Table 1 Morphological features of hESCs and their colonies.

Computational models are helpful to quantitatively analyse and improve the understanding of the processes that underlie fate decisions in hESCs and hiPSCs. However, before establishing the appropriate protocol for in silico approaches, it is important to quantify the morphological features frequently used in the visual identification of pluripotent hESC colonies, see Table 1, in agreement with previous publications23,24,28,29,30,31,32,33,34. These give us value information about the morphological properties of the cells arranged in colonies. In the future, this information will be integrated alongside other mechanisms that determine the behaviour of the system, to build algorithms of interaction rules aiming to understand their emergent properties35.

Materials and Methods

Cell culture and propagation

Human embryonic stem cells (hESCs) (H9 cell line, WiCell, Madison, WI) were passaged on 6-well plates coated with hESC-qualified Matrix at a 1:4 split ratio using an EDTA-based dissociation solution. 2 ml of mTERSR1 media was used per well. The cells were kept in small clumps avoiding the passaging of single cells (due to low rates of survival). We aimed to plate cell aggregates of approximately 15–20 cells each. The culture was kept for 4 days at \(37\)°C with a humidified \(5{\rm{ \% }}{\text{CO}}_{2}\) atmosphere. The colonies were imaged at day 2, 3 and 4 after plating before they reached a \(60\ \% \) confluency across the well.

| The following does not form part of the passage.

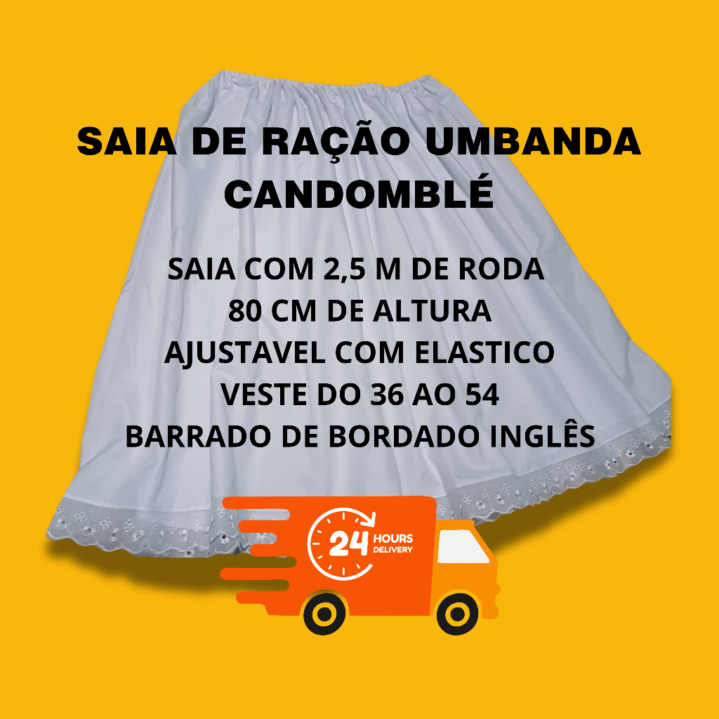 ROUPA RELIGIOSA SAIA DE UMBANDA E CANDOMBLÉ BRANCA SAIA DE RAÇÃO TECIDO MICROPERCAL 85CM 2,5 DE RODA
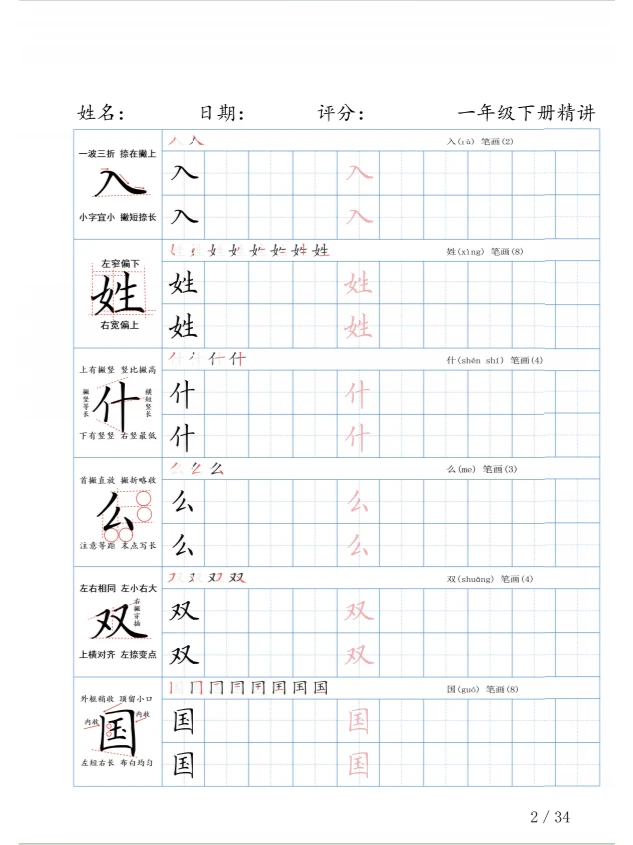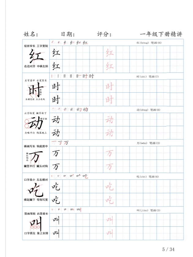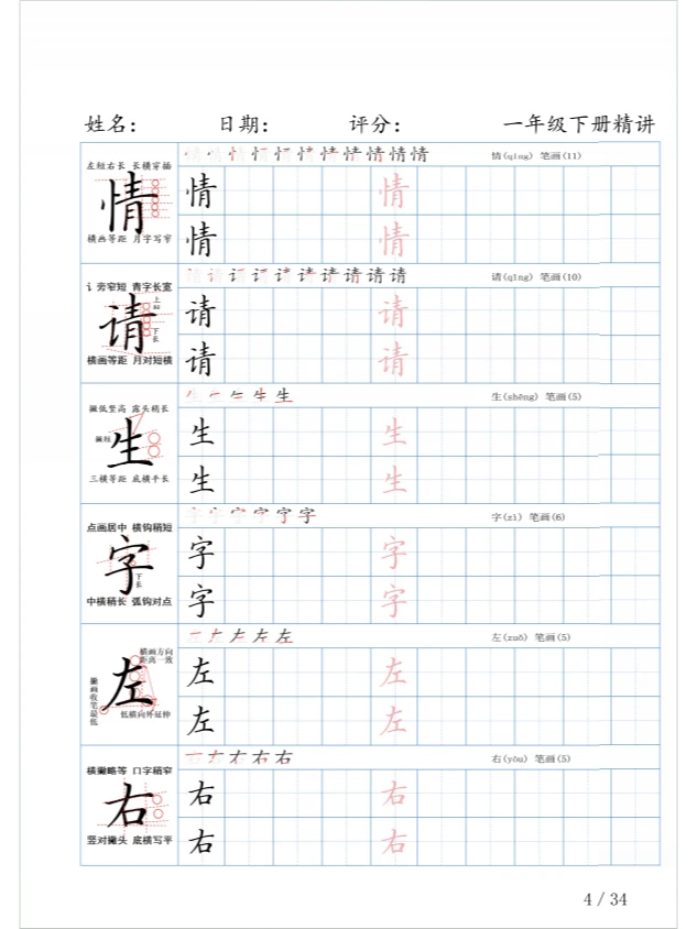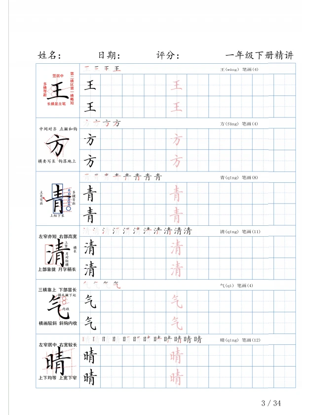一年级语文 小进步学年 语文知识点

The ability of hESCs cells to form colonies depends on the cytoskeleton rearrangement, contraction of actin filaments, the interaction between the cells, and the timely function of regulatory proteins36. When isolated, the cells have their cytoskeleton and lamellipodia unfolded and spreading over the substrate, see Fig. 1(a). In colonies, the cells are close to each other as shown in Fig. 1(b). This section of a colony contains several cells in which the nuclei, nucleoli (dark spots) and gaps (white spaces between the cells) are easily detected. Larger and denser colonies do not show gaps and the cells are closer to each other, see Fig. 2.

Figure 1
figure 1

(a) Phase-contrast image of a single isolated hESC at day 2 after plating, showing a well-defined nucleus, nucleoli (black dots) and spreading lamellipodia. Bar \(20\,\mu \)m. (b) Detail of the spatial arrangement of cells within a colony, with well-defined nuclei and prominent nucleoli (black dots). The very distinctive gaps between the cells occur in colonies with areas \(A < 0.6\,{\text{mm}}^{2}\). Bar \(50\ \mu \)m. (c) HESC colony in which the cells located at the top-left (outlined in blue) with larger nuclei. Bar \(100\ \mu \)m.

Figure 2
figure 2

Phase-contrast images of a hESC colony at day 3 after plating. For large colonies we used (a) low magnification (5\(\times \)) to capture the boundaries and (b) higher magnification (10\(\times \)) to measure the cells features (the enclosed region in (a)). This colony is a densely packed example with no gaps within the cells. Bars \(100\ \mu \)m. (c) Voronoi tessellation obtained from the centroid position of the cells. The nuclei area is shown in logarithmic scale.

Phase-contrast microscopy

We studied the colonies using phase contrast microscopy, since this method allows the cells to behave as naturally as possible without the need to stain the cells with fluorescent dyes which may induce photo-toxicity37 and possible changes in cell behaviour38. The image acquisition was performed in an inverted microscope Axiovert 200 M with Zeiss AxioCam HRc (Carl ZeissTM) using two objective magnifications 5\(\times \) (Plan Neofluar Ph1 5\(\times \)/0.15) and 10\(\times \) (Plan Apochromat Ph1 10\(\times \)/0.32), with the following scalings 1.36 \(\mu \)m/pixel and 0.67 \(\mu \)m/pixel, respectively. Images are saved in TIFF format (size 1300 \(\times \) 1030 pixels) with no additional compression, see Supplementary Fig. S11. The imaging was performed every 24 h at multiple x-y locations per well to obtain an adequate sample of the cells for 3 days until the confluency of the cells was about \(60\ \% \), meaning that most of the colonies did not merge with each other and were quasi-bidimensional structures.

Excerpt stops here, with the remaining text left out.